If the rumors in Sagsay Holm were true, West was ready to give up the Marigold and everything else. I had to finish what my father started if I was going to keep that from happening.

“He couldn’t have planned this,” I said, almost to myself.

“What?”

“Saint. He didn’t know I’d left Jeval until I saw him in Ceros.” I was putting it together slowly. “I wasn’t a part of his plan until West took me on.”

Clove stared at me.

“Am I right?” But I didn’t need an answer. The truth of it was in his silence. “When I showed up at his post, Saint didn’t want anything to do with me. But when he saw me leaving the harbor on the Marigold that night, he wanted me off that ship. And he saw a way to use me.”

I shook my head, half-laughing at the absurdity of it. There was more to the story than I knew. “What did Zola mean when he said that West is like Saint?”

Clove shrugged. “You know what it means.”

“If I knew, I wouldn’t be asking.”

“He’s got a lot of demons, Fay.”

“We all do.” I gave him a knowing look.

“I guess that’s true enough.”

I crossed my arms, ignoring the way the silk threatened to pull open at the seams. I was so tired of secrets. So tired of lies. “I’m here, Clove. For you and for Saint.
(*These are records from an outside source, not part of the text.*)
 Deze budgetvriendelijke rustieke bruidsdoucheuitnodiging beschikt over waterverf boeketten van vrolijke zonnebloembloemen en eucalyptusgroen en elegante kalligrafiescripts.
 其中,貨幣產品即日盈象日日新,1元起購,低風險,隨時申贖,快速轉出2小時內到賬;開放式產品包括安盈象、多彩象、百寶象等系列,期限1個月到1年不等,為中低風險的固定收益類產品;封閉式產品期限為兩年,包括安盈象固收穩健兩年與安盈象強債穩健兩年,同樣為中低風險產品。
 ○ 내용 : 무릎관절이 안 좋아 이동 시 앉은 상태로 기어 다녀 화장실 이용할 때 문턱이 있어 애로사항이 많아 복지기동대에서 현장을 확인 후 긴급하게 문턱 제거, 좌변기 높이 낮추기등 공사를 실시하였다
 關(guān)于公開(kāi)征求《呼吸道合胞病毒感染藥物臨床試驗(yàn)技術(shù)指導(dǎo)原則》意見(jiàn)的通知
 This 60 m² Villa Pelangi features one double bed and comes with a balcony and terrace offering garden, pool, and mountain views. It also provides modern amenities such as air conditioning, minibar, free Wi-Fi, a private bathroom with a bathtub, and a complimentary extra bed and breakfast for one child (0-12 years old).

You owe me a hell of a lot more than this.”

His eyes narrowed. “Owe you?”

I lifted both eyebrows, looking down my nose at him. “Saint’s not the only one who left me on that beach.”
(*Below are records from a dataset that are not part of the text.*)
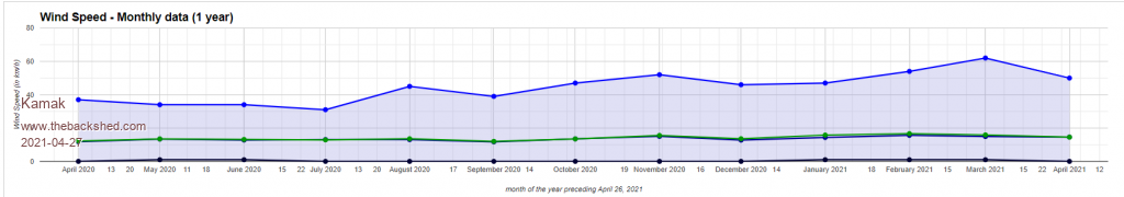 If this calculator is correct, then the minimum rotor power required to deliver the minimum torque to the gearbox to maintain 1200W at 910rpm, 240V ac @5A single phase per winding, is: 3.038KW to make 1.200KW, 2.5:1 reduction. 34Kph. Not including startup and acceleration torque. how-to-calculate-the-power-generated-by-a-wind-turbine The second chart is the local monthly avg. wind speed. ![]() Obviously, the rotational speed would not be correct due to the minimum torque required to spin the gearbox at 91rpm @ the ring gear to produce 910rpm at the sun gear. https://www.hbm.com/en/3108/torque-measurement-in-wind-turbines/ ![]() ![]() Edited 2021-04-27 04:19 by Kamak |
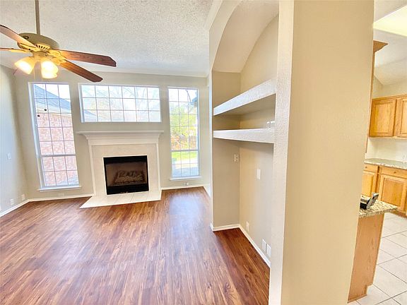 Beautiful Home in a great Frisco ISD neighborhood. Featuring an open design with the kitchen overlooking the breakfast nook. Charming fireplace for cold winter month. Lots of windows for natural lights. Separate dining room with sitting or office space that looks out to the front neighborhood. Luxury wood laminate flooring throughout main living areas, ceramic tile in baths, and plush carpet in bedrooms. Private master with French doors, spacious master bathroom, garden tub, and separate shower, double vanities, and walk in closet. Relax on the designed concrete stamped patio. Full utility room leads to 2 car garage. This home also offers community pool, Shawnee Trail Sports Complex, tennis courts, baseball fields, parks, and walking trails.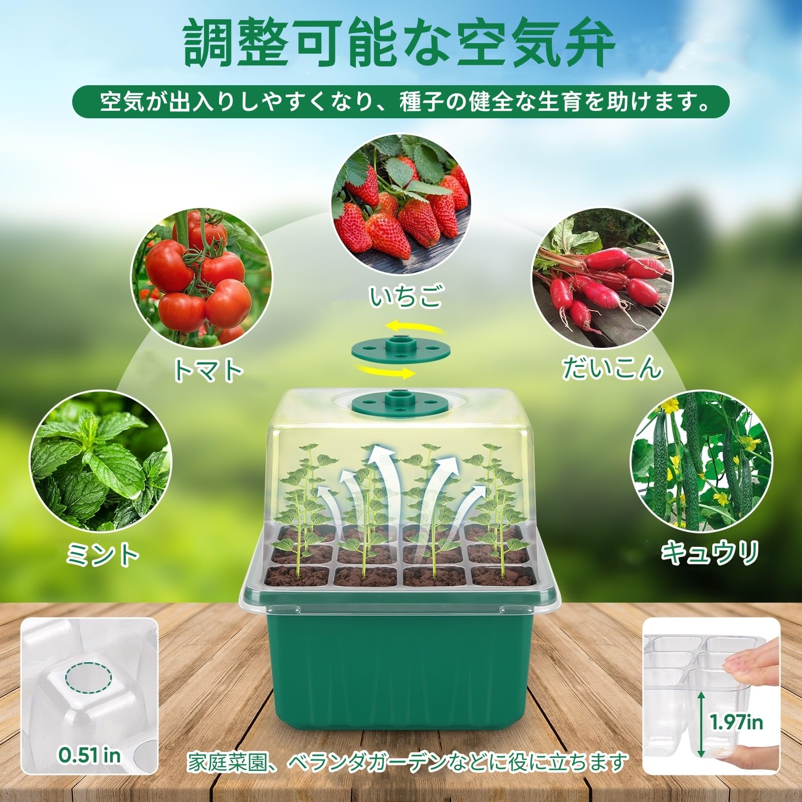 【発芽率の向上】蓋付きのこのシードトレイの調整可能な通気口により、苗の環境の温度と湿度を調整し、蒸発を減らし、発芽プロセスを制御し、苗の生存率を向上させることができます。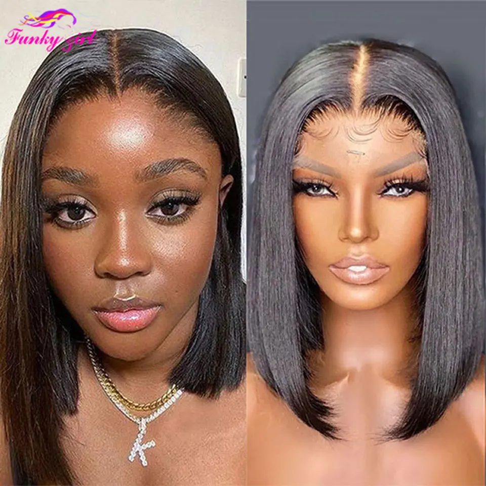 Парик прямой Боб, парики из человеческих волос на сетке спереди, бразильские волосы 13x4, прозрачный короткий парик Боб, предварительно выщипанные натуральные парики на сетке

His jaw ticked. “Fay, I’m—”

“I don’t want an apology. I want the truth.”

His eyes dropped for a moment to West’s ring hanging around my neck. “I was wondering if the two of you were…” He didn’t finish, hesitating before he went on. “West does what Saint needs done. Whatever it is. And it’s usually pretty dirty work.”

“Like Sowan?” I asked in a low voice.

He nodded. “Like Sowan. He’s been Saint’s guy for a long time.”

“That’s why Saint let him have the Marigold,” I mumbled. He’d earned it.

Clove leaned forward to set his elbows onto his knees. “He’s dangerous, Fay,” he said more gently. “You need to be careful with that one.”

I told myself it wasn’t anything I didn’t already know. The Marigold was a shadow ship, and that came with shadow work. But I had a feeling that even the crew didn’t know about everything West did for my father.

The night West told me he loved me, he’d also told me about Sowan. About a merchant whose operation he’d sunk on Saint’s request. What he hadn’t said was that it was one of many similar stories or that my father’s deeds were the heaviest of the burdens he carried.

Don’t lie to me and I won’t lie to you. Ever.

The only promise we’d made to each other West had already broken.